## [Data for this exercise]
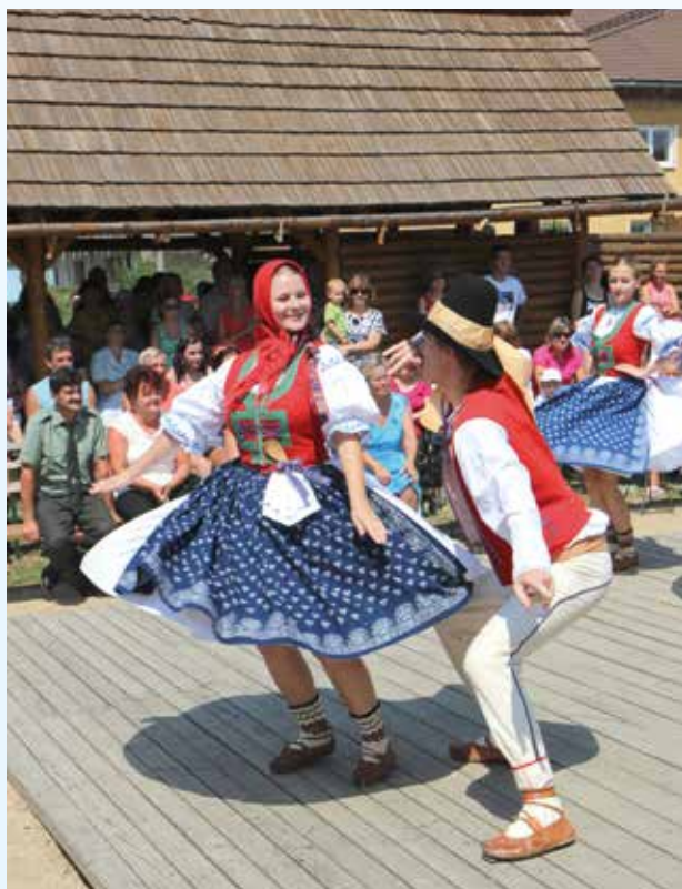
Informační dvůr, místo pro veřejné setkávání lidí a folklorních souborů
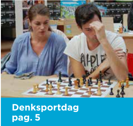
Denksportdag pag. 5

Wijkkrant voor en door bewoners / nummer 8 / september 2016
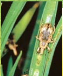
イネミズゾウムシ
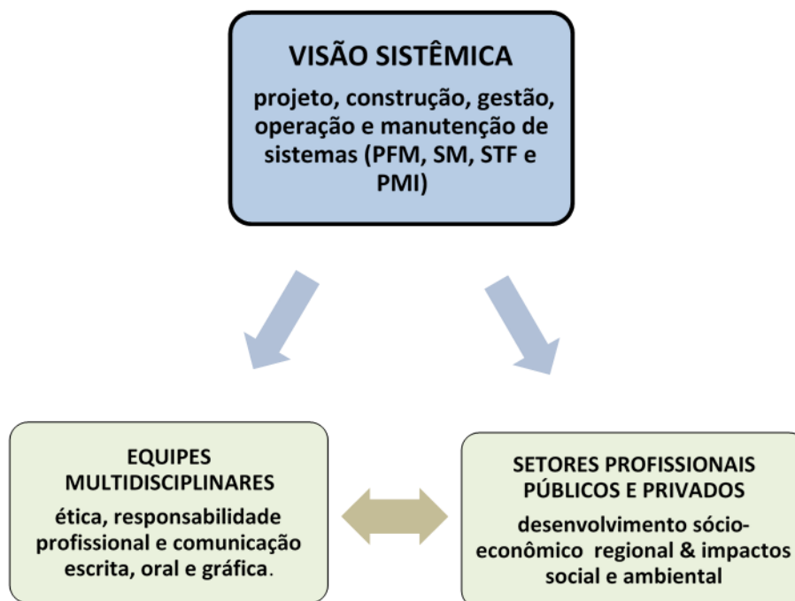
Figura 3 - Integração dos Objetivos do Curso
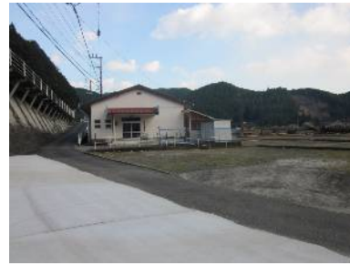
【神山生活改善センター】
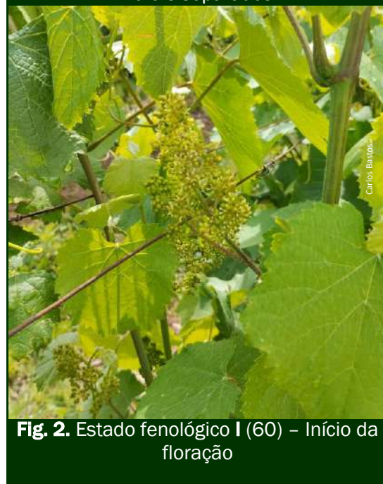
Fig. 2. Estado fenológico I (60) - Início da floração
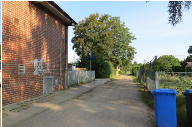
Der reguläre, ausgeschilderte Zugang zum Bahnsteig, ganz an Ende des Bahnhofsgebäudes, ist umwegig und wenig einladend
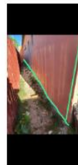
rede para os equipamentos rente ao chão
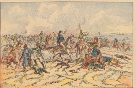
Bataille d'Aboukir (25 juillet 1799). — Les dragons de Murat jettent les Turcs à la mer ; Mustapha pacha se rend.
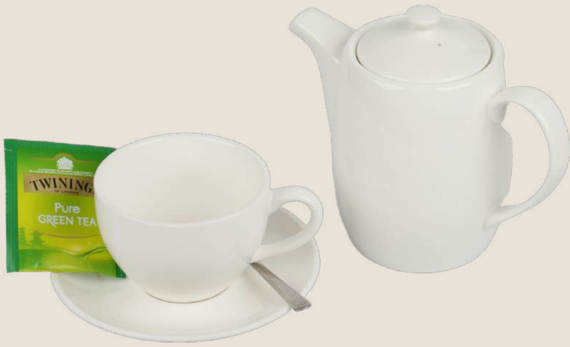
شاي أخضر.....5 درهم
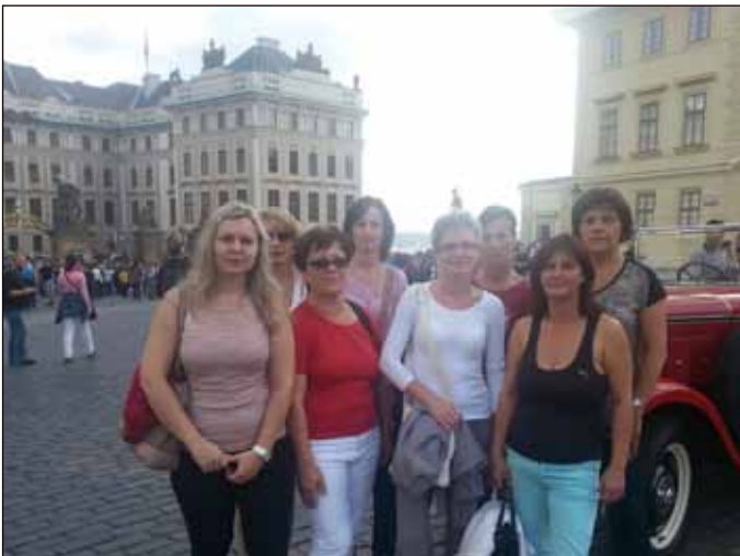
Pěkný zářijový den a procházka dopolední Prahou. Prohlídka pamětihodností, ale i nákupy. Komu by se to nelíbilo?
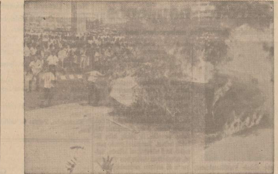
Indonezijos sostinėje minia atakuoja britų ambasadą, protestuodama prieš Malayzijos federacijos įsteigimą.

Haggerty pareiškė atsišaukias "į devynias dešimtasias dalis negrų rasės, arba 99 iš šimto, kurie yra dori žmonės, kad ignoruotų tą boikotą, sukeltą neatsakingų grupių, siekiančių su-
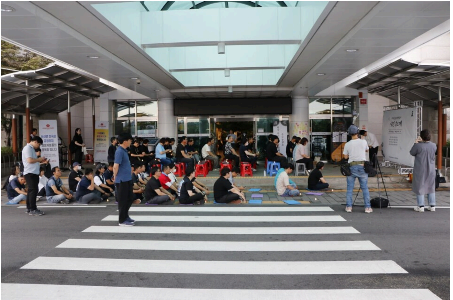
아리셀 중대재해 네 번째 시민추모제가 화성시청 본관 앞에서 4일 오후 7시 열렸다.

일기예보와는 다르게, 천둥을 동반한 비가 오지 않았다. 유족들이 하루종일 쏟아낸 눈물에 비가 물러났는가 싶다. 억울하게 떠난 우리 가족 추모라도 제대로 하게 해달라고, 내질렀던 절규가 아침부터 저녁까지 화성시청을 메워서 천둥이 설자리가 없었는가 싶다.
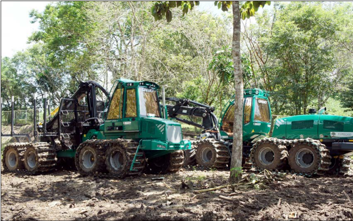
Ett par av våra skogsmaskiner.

## [Problem description]
To complete this exercise, repeat exactly the lines above from the one holding "일기예보와는 다르게, 천둥을" to the end of the listing, both included, and leave the pictures out.

## [Task answer]
일기예보와는 다르게, 천둥을 동반한 비가 오지 않았다. 유족들이 하루종일 쏟아낸 눈물에 비가 물러났는가 싶다. 억울하게 떠난 우리 가족 추모라도 제대로 하게 해달라고, 내질렀던 절규가 아침부터 저녁까지 화성시청을 메워서 천둥이 설자리가 없었는가 싶다.
Ett par av våra skogsmaskiner.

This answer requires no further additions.